I've read about prairie ecosystem models for sustainable agriculture from the US midwest. Good stuff, especially for existing field crop areas where the forests are already gone.
But, lately my mind keeps heading toward a woodland->forest agricultural concept.
I started imagining, composing and recomposing them and their species in my mind (I was trying to stick entirely to native for the longest time, but now I'm ready to accept some integration) for our region.
It's not exactly urban agriculture or any orchards as I've known them, and it's certainly not wild-crafting, or foraging, or nomadic seasonal wild gathering.
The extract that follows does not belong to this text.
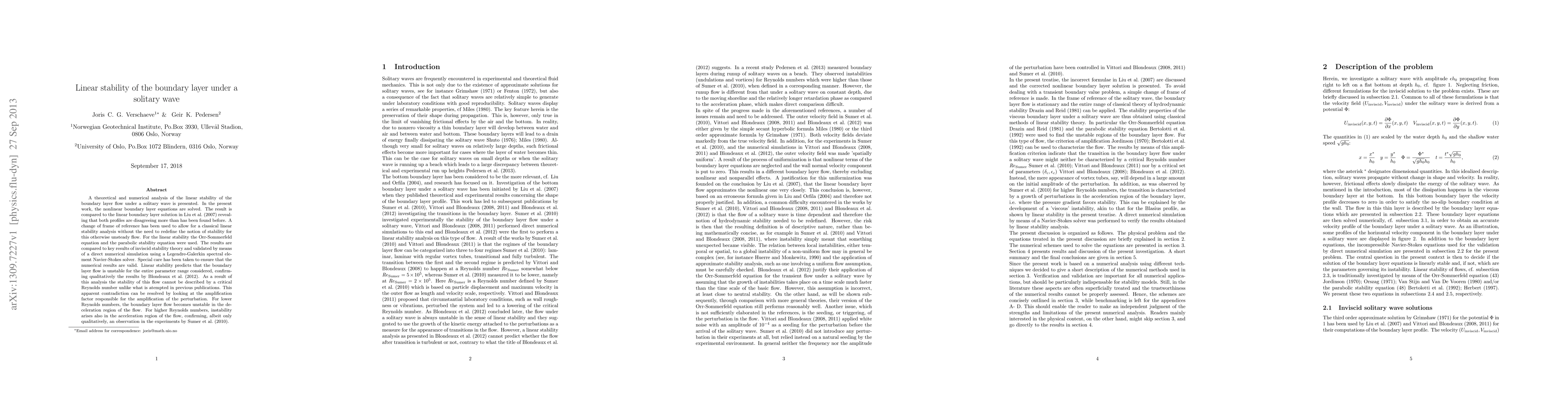 A theoretical and numerical analysis of the linear stability of the boundary layer flow under a solitary wave is presented. In the present work, the nonlinear boundary layer equations are solved. The result is compared to the linear boundary layer solution in Liu et al. (2007) reveal- ing that both profiles are disagreeing more than has been found before. A change of frame of reference has been used to allow for a classical linear stability analysis without the need to redefine the notion of stability for this otherwise unsteady flow. For the linear stability the Orr-Sommerfeld equation and the parabolic stability equation were used. The results are compared to key results of inviscid stability theory and validated by means of a direct numerical simulation using a Legendre-Galerkin spectral ele- ment Navier-Stokes solver. Special care has been taken to ensure that the numerical results are valid. Linear stability predicts that the boundary layer flow is unstable for the entire parameter range considered, confirm- ing qualitatively the results by Blondeaux et al. (2012). As a result of this analysis the stability of this flow cannot be described by a critical Reynolds number unlike what is atempted in previous publications. This apparent contradiction can be resolved by looking at the amplification factor responsible for the amplification of the perturbation. For lower Reynolds numbers, the boundary layer flow becomes unstable in the de- celeration region of the flow. For higher Reynolds numbers, instability arises also in the acceleration region of the flow, confirming, albeit only qualitatively, an observation in the experiments by Sumer et al. (2010).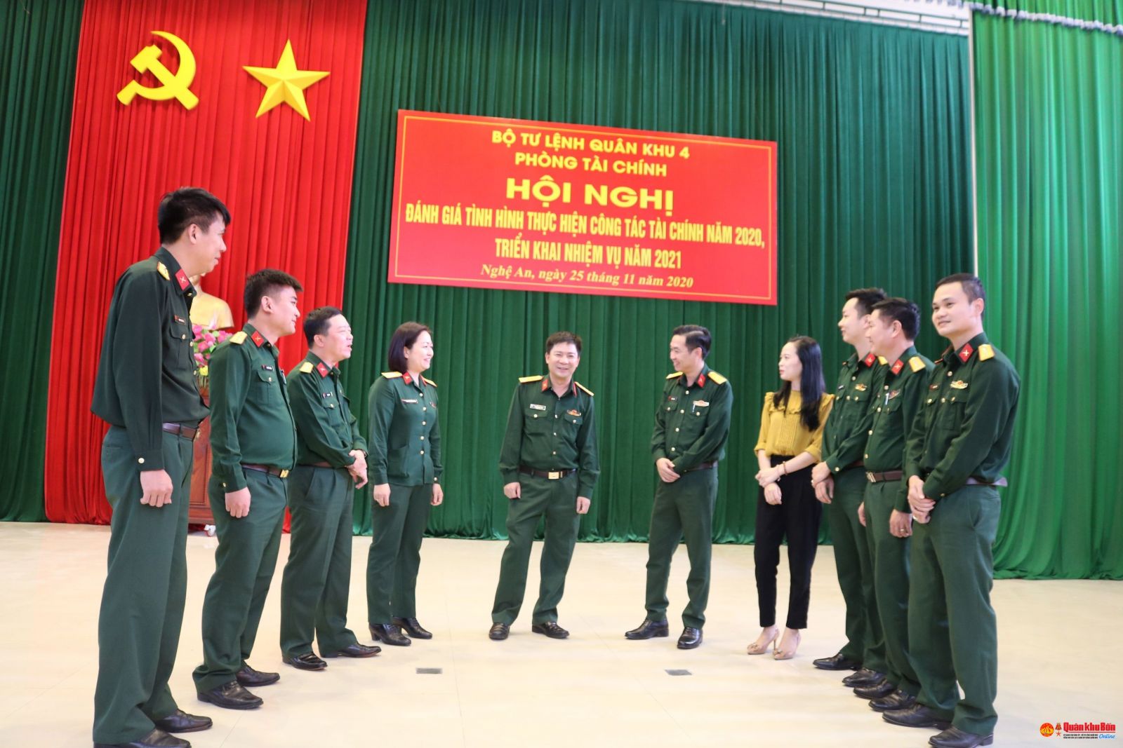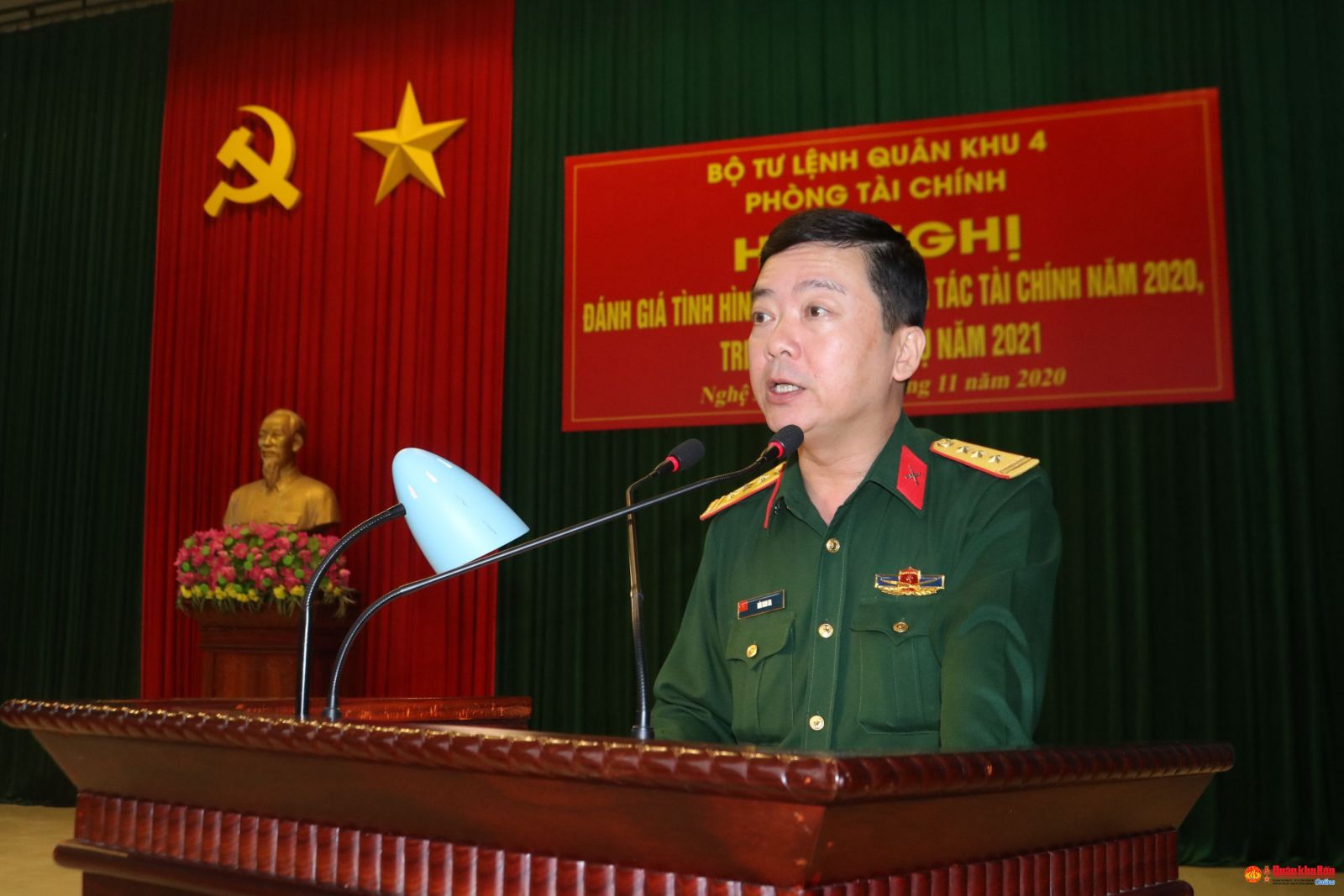 Ngày 25/11/2020, Ngành Tài chính Quân khu 4 tổ chức Hội nghị đánh giá tình hình thực hiện công tác Tài chính năm 2020; Triển khai phương hướng, nhiệm vụ năm 2021. Dự hội nghị có 115 cán bộ, nhân viên Tài chính các cơ quan, đơn vị trong toàn Quân khu.

It's a deliberate integration of naturalization and conservation + sustainable human agriculture, vertically layered, that could work on smaller landscapes (e.g. 1 acre) and larger areas too. Trying to suss it out, I found out I liked Norfolk Alternative Land Use Services, and then bingo: I stumble across a diagram that looked a lot like the same of the idea I had in my mind:
Apparently it's called "Forest Gardening". Check it out.
First thing I did was laugh! :) because just looking at that diagram with its different forest vegetation layers, you can see how easily anyone with a native plant / field naturalist bent raised in "mixedwood plains" would come up with this as a potential agriculture model. Made me realize how impossible it is for me to even imagine how anyone ever developed our current conventional agricultural models.
I can see it working in some back yard gardens, or even a research site, as a forest restoration + agriculture joint project. But I'd be hesitant to advocate it for some public org's sites because I simply don't know how it road-tests with food security and hunger: I have no idea how much nutrition and energy/calories it provides and requires per acre compared to common organic agriculture alternatives like an average small plot heirloom annual veggie garden, or prairie ecosystem agriculture models. The other thing that confounds me are our suitable nut species, e.g. chestnut blight and butternut fungus thins the ranks.
At the very least it's something worth considering when folks are deciding how to share limited land desired, or needed, for food and forest.